Step 6: Normal distribution curve

Let’s see what the normal distribution curve looks like with this data.

Select the bins column and the Normdist column then Insert > Chart and select line chart, and make it smooth:

Smooth Normal distribution

You’ll have an output like this:

Normal distribution curve in Google Sheets
Normal distribution curve in Google Sheets

That’s a normal distribution curve, around our mean of 56.9. Great work!

We now need to calculate the distribution of the 1,000 exam scores for our histogram chart.

As we’re going to create a totally new chart with the histogram and normal curve overlaid (easier than modifying this one), you can put this normal distribution chart to one side now, or delete it.

Step 7: Frequency formula

Leave column H blank for now (we’ll fill this in shortly).

In column I, let’s use the FREQUENCY formula to assign our 1000 scores to the frequency bins. Type the following formula into cell I2 and press Ctrl + Shift + Enter (on a PC) or Cmd + Shift + Enter (on a Mac), to create the Array Formula. It’ll fill in the whole column and assign all the scores into the correct bins:

=ArrayFormula(FREQUENCY(scores,bins))

frequency formula

If you’re new to Array Formulas, check out this post: How do array formulas work in Google Sheets?

Step 8: Copy values

Copy this column of frequency values into the adjacent column J (we need this for our chart).

Pro tip: you can just copy I1:I2 into J1:J2, it’ll fill out the whole column with values.

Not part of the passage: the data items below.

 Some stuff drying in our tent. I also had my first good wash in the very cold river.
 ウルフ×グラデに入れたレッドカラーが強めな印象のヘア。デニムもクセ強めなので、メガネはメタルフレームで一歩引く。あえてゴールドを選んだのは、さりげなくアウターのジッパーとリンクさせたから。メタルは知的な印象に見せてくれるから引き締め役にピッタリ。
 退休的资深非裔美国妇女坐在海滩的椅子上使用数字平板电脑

Step 9: Scale the normal distribution curve

We need to scale our normal distribution curve so that it’ll show on the same scale as the histogram. Since we have 1,000 values in bins of 5, our scale factor is 5,000. Meaning, when I multiply the normal distribution values by 5,000, they’ll be comparable to the histogram values on the same axis. Also, they’ll sum to 1,000 matching the number of values in our population.

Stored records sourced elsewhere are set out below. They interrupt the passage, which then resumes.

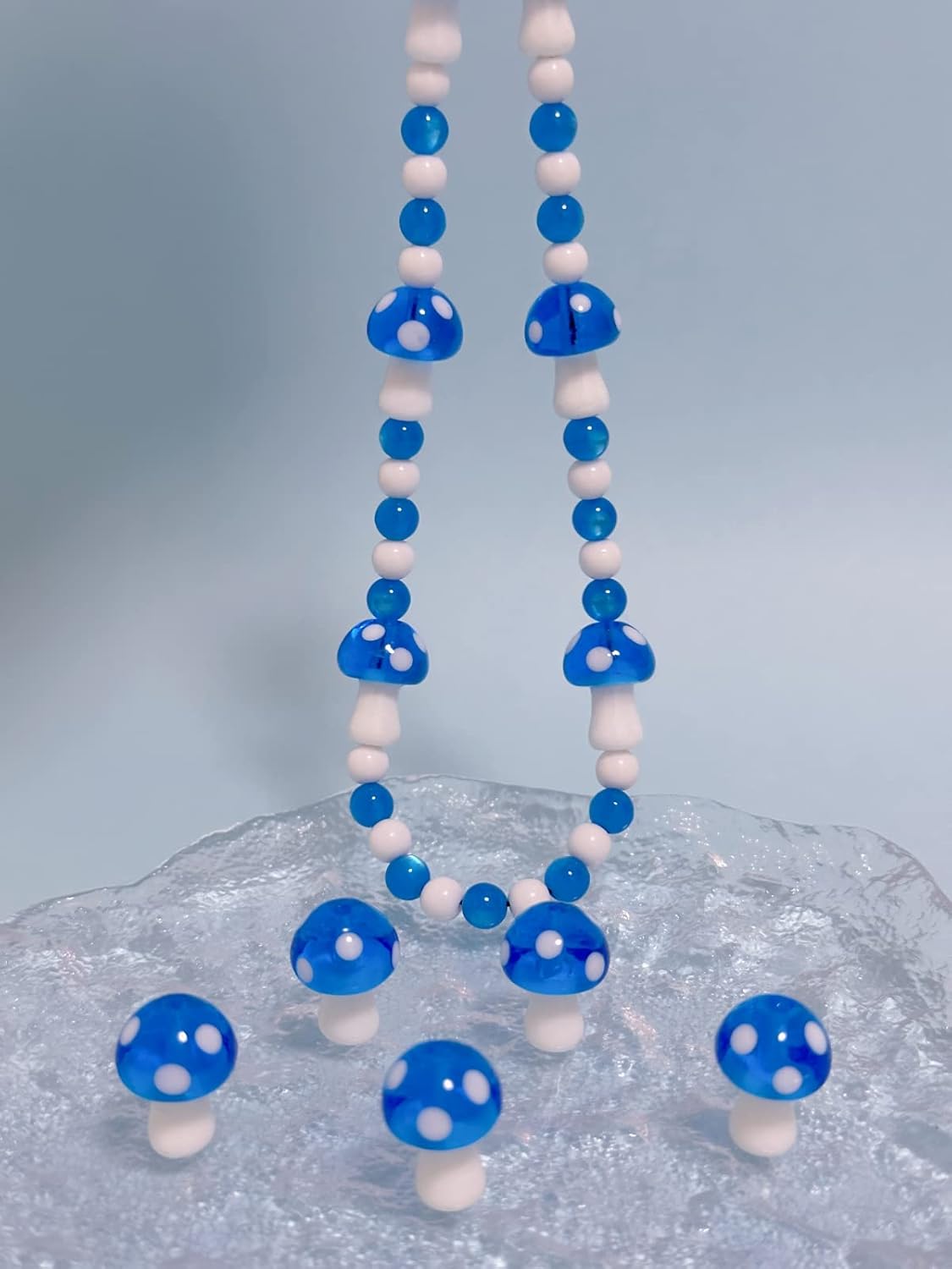 This Blue Mushroom Phone Charm features exquisite mushrooms for a fresh, trendy look.
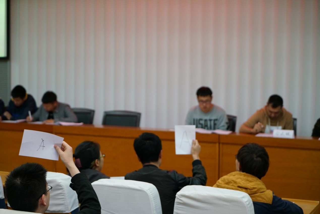加赛环节由公正组丁钰峰老师现场出题,采取五局三胜制,最终国防生向阳党支部表现优异获得第一名,2016-1硕士研究生党支部获得第二名。学院党委副书记于晓舟,辅导员丁钰峰、买买提·艾尔肯为获得前三名的集体和个人颁发了奖状及奖品。
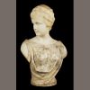 An early 20th century marble bust of a girl looking to dexter and wearing a turban, her dress carved in grey veined marble and carved to resemble embroidery around the collar, signed to the reverse Pugi.
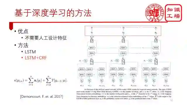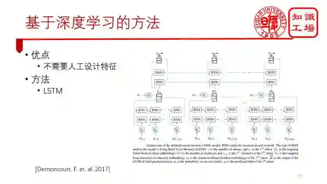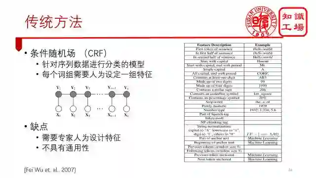 传统最好的方法是使用条件随机场来进行序列数据标记。它同时考虑了每个单词的特征以及句子的顺序性,但缺点是需要专家人为设计一套特征,如下图右边所示,特征选择的好坏直接影响分类的结果。同时,也不具有通用性,英文的需要设计一套特征,换成中文的话,又要设计另外一套特征了。
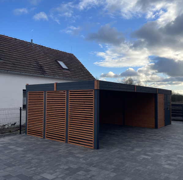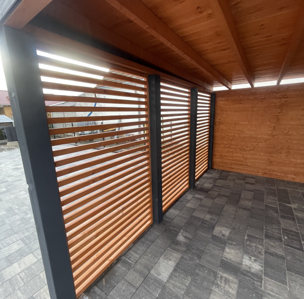 Otwarta część pozwala na wygodne parkowanie, a zamykane pomieszczenie gospodarcze sprawdzi się jako schowek na narzędzia, sprzęt ogrodowy lub rowery. Solidne drewno i staranne wykonanie gwarantują stabilność i długowieczność konstrukcji.
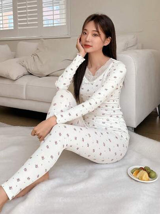DAZY طقم بيجاما أبيض ضيق بطبعة زهرية باتش عمل الدانتيل

So in the blank column H, add the following formula and drag down to H22:

= G2 * 5000

Our completed data table now looks like:

final table

Step 10: Create the chart

This is where we see how to make a histogram in Google Sheets finally!

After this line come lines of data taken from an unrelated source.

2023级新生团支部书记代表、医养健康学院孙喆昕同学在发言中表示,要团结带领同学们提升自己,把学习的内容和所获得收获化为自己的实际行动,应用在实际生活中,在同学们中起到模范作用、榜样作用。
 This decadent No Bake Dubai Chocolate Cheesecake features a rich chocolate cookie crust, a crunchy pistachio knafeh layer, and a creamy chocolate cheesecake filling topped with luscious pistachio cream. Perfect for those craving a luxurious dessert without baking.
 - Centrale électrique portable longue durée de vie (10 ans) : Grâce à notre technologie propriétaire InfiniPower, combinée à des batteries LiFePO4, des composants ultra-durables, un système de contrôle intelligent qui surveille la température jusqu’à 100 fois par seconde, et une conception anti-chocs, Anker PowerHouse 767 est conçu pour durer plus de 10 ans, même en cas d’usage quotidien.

Note: the screenshots shared below show the old chart editor. The new chart editor opens in a side pane, but the steps and options are essentially the same.

Hold down Ctrl (PC) or Cmd (Mac) to highlight the bins data column, the Normal distribution and two histogram columns, but omit the Normdist formula column, as follows:

Highlight data

Then Insert > Chart, and select Combo chart:

Select combo chart

Select the option to use column F as labels:

select labels

In the Customization tab, remove the title and legend. Select the Smooth option:

select smooth option

Select the vertical axis. Delete the axis name. Set to have a range of 0 to 150, and set the major gridlines to 4.

Vertical axis

In the series section of the customization menu, choose the Normal Distribution series, and change from columns to line, so your chart looks like this:

Change to line

Next, choose the Histogram series and change the type from line to columns:

Change to columns

Select the Histogram 2 series and change the type from line to stepped area:

Stepped area

Then change the color to red, the line thickness to 1px and the opacity to 70%, to make our chart look like a histogram (this is why we needed two copies of the frequency column):

Histogram format options

Final tidy up: set the axes labels font size to 10, then click in the chart area to move and resize the it by dragging the edges outwards, so it fills out the whole of our chart canvas:

Move and resize

Voila! You’ve now learnt how to make a histogram in Google Sheets, overlaid with a normal distribution curve:

Final output

Want your own copy of this histogram chart?
Click here to access your copy of this template >>

Conclusion:

To conclude, we can see our exam score data is very close to the normal distribution. Hooray!

If we look closely, it’s skewed very, very slightly to the left, i.e. it has a longer tail on the left, more spread on the left. See how there is space between the red bars and the blue line on the left side, but the red bars overlap the blue curve on the right side. It’s subtle though.